There will come a time, when I will have to wear "comfort" shoes. I know this is true.
The years of tortuous heels will take their toll and my arches will rebel, my corns will inflame and my open-toes stiletto sandal days will be over.
But please, please, please, when that day comes, will someone make a comfort shoe that doesn't look like something my grandma would call dorky.
Exhibit A: The Z-coil.
A visible spring on the bottom of the shoe. Really? A spring? Pogo sticks aren't even popular anymore and they want us to walk around with springs on our heels.

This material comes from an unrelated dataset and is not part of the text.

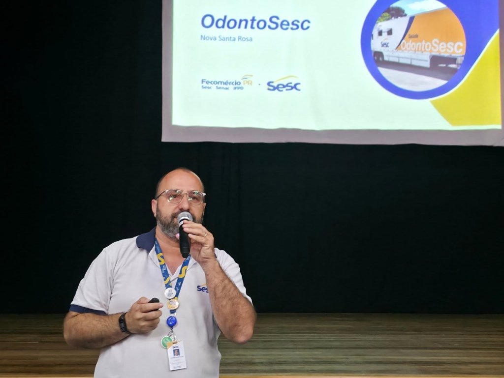 Na tarde deste sábado (21), o Teatro Municipal Gustavo Fischer recebeu uma reunião de apresentação da Unidade Móvel do OdontoSesc em Nova Santa Rosa. O encontro teve como objetivo explicar à comunidade como funcionará o atendimento na carreta e esclarecer dúvidas sobre os serviços que serão oferecidos à população. A reunião contou com a presença dos pacientes selecionados para participar do projeto.

I assume that these shoes must be really comfy, because why else would they be so hideous. It's like those first hybrid cars that looked goofy on purpose so that people would know that you're in a hybrid car to save the planet — you were proving your commitment and sacrifice by driving around in something really awkward.
But I digress.
The Z-coil is billed as "pain relief footwear." And it's said to be beneficial for people who spend hours on their feet, those recovering from injury and those who are trying to lose weight. Those purposes seem a little contradictory to me, but I haven't tested this out.

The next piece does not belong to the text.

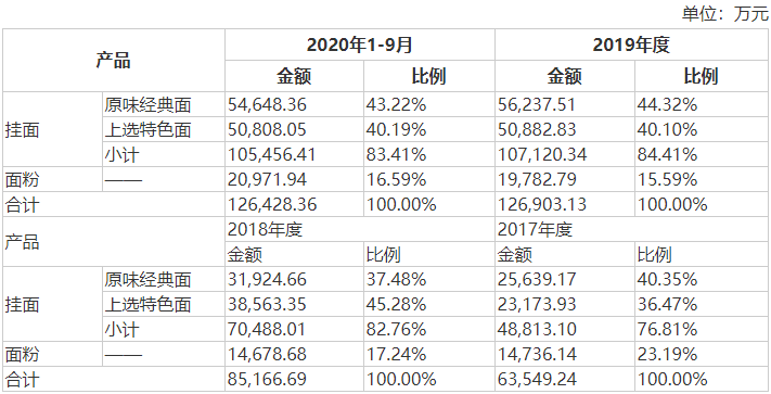 首先来看产品情况。据招股书披露,报告期内想念食品的挂面销售收入分别为4.88亿元、7.05亿元、10.71亿元和10.55亿元,占各期主营业务收入的比例分别为76.81%、82.76%、84.41%和83.41%,产品集中度较高,产品单一的问题较为严重。

I refuse to, but that's another story.
There are a family of Z-Coil shoes including athletic shoes, a rugged, all-terrain hiking boot and casual shoes for attracting stares at the mall. The product is available for both men and women.
The Bella has the very humorous description of being for "the trendy woman who also craves comfort. ... Fashion has never felt so good." (Insert your own punchline here.)
To find a specialty store near you or to learn more about Z-Coil shoes head to www.zcoil.com. I know some of you out there will like them.
I regard you like the Prius owners. Your sacrifice is duly noted.